▸ **DATA EXTRACT**
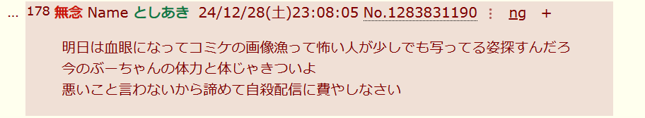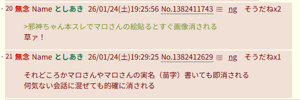 | … | 91無念Nameとしあき26/01/24(土)21:25:55No.1382444571そうだねx4>匿名だからバレないと思ってるんだろうがやりすぎ |
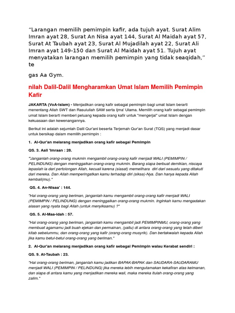 Bahaya Jadi Kafir Karena Memilih Pemimpin Kafir Voa Islam Com
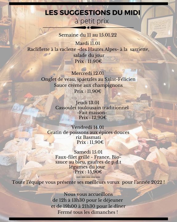 Bonsoir à tous ! Selon les prévisions météo, il est annoncé une vraie semaine hivernale ???? Alors, prévoyez gants, écharpe ????et bonnet ????, nous on s’occupe d’adapter le menu ! Bonne semaine à tous ???? !
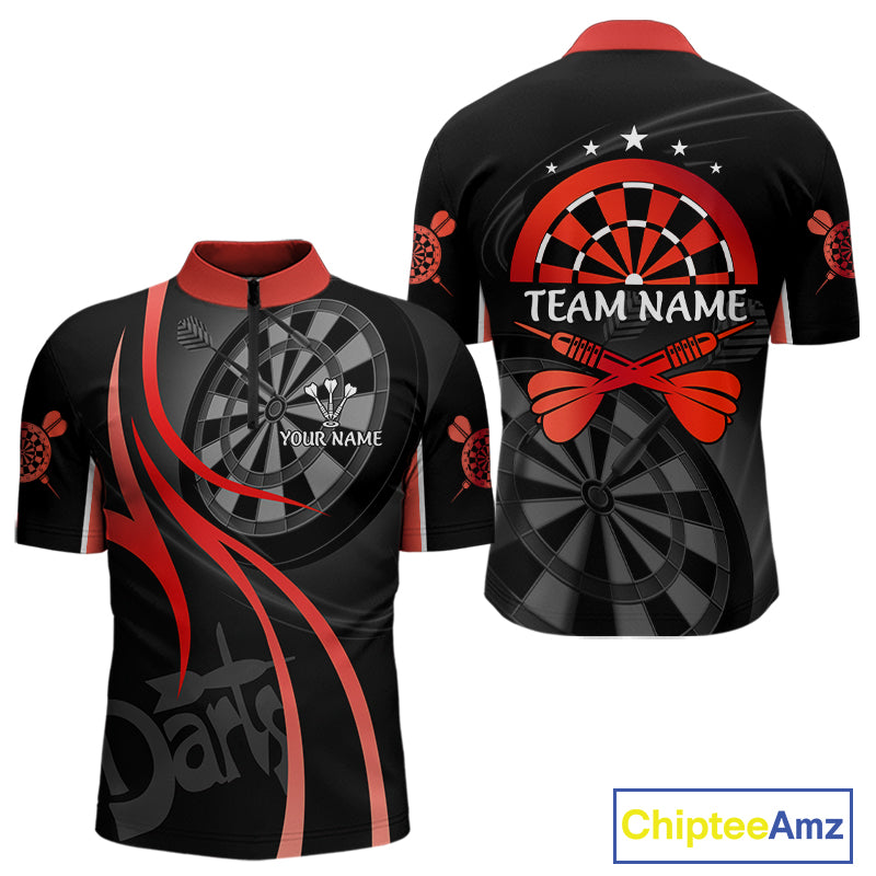 Black And Red Darts Jersey For Men Custom Team Polo & Quarter Zip Darts Shirt Uniform TDM4488

▸ **WHAT IS NEEDED**
Leave the pictures out and return the rest of the material exactly.

▸ **OUTPUT OF THE TASK**
 | … | 91無念Nameとしあき26/01/24(土)21:25:55No.1382444571そうだねx4>匿名だからバレないと思ってるんだろうがやりすぎ |
 Bahaya Jadi Kafir Karena Memilih Pemimpin Kafir Voa Islam Com
 Bonsoir à tous ! Selon les prévisions météo, il est annoncé une vraie semaine hivernale ???? Alors, prévoyez gants, écharpe ????et bonnet ????, nous on s’occupe d’adapter le menu ! Bonne semaine à tous ???? !
 Black And Red Darts Jersey For Men Custom Team Polo & Quarter Zip Darts Shirt Uniform TDM4488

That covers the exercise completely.